The response should consist of every line below, restated exactly, with no pictures.

**Given data**
______________________________
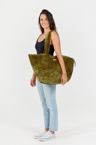 Die Sofa Bag Wish zeigt neu interpretierte gelb-schwarze Streifen und vereint Street-Einflüsse mit Outdoor-Spirit. Gefertigt aus dicker, zu 100 % recycelter Fleece, verbindet sie Stil und Funktionalität mit ihrem großen Fassungsvermögen, der breiten Öffnung und der kleinen Reißverschlusstasche im Inneren. Ein mutiger Shopper für Ihre Tage in der Stadt.
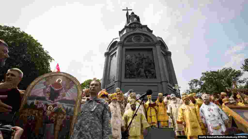 У центрі Києва пройшла хресна хода вірян Української православної церкви Київського патріархату з нагоди Дня хрещення Русі-України. Віряни та духовенство пройшли від Володимирського собору до Володимирської гірки. Очолив хресну ходу голова УПЦ КП Філарет. У ході взяли участь і українські військові. Люди несли також багато українських прапорів. Напередодні свою ходу до Дня хрещення Русі-України проводили віряни УПЦ Московського патріархату.
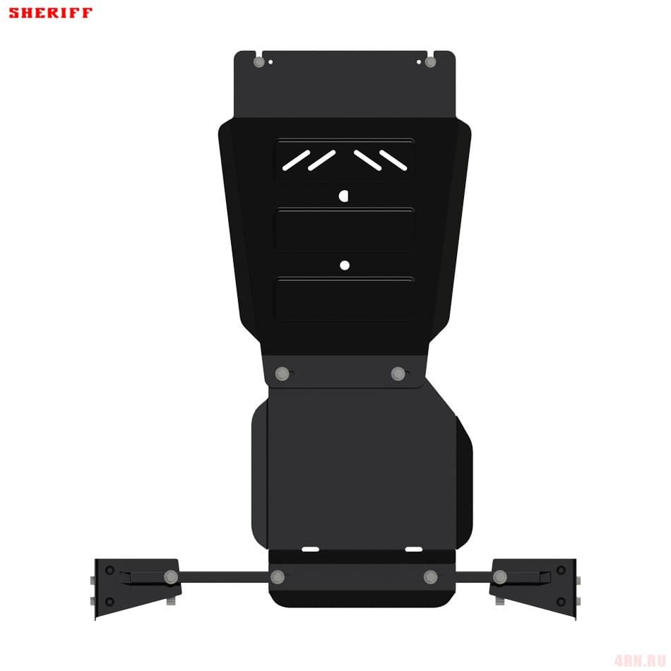 Защита картера Sheriff нужна для сохранности узлов и агрегатов, находящихся на днище авто. Она надежно защитит двигательный отсек вашей машины от повреждений. Также она защищает моторный отсек от влаги, грязи, и предусматривает наличие металлических крыльев, которые выполняют функцию пыльника.
______________________________
**Written answer**
 Die Sofa Bag Wish zeigt neu interpretierte gelb-schwarze Streifen und vereint Street-Einflüsse mit Outdoor-Spirit. Gefertigt aus dicker, zu 100 % recycelter Fleece, verbindet sie Stil und Funktionalität mit ihrem großen Fassungsvermögen, der breiten Öffnung und der kleinen Reißverschlusstasche im Inneren. Ein mutiger Shopper für Ihre Tage in der Stadt.
 У центрі Києва пройшла хресна хода вірян Української православної церкви Київського патріархату з нагоди Дня хрещення Русі-України. Віряни та духовенство пройшли від Володимирського собору до Володимирської гірки. Очолив хресну ходу голова УПЦ КП Філарет. У ході взяли участь і українські військові. Люди несли також багато українських прапорів. Напередодні свою ходу до Дня хрещення Русі-України проводили віряни УПЦ Московського патріархату.
 Защита картера Sheriff нужна для сохранности узлов и агрегатов, находящихся на днище авто. Она надежно защитит двигательный отсек вашей машины от повреждений. Также она защищает моторный отсек от влаги, грязи, и предусматривает наличие металлических крыльев, которые выполняют функцию пыльника.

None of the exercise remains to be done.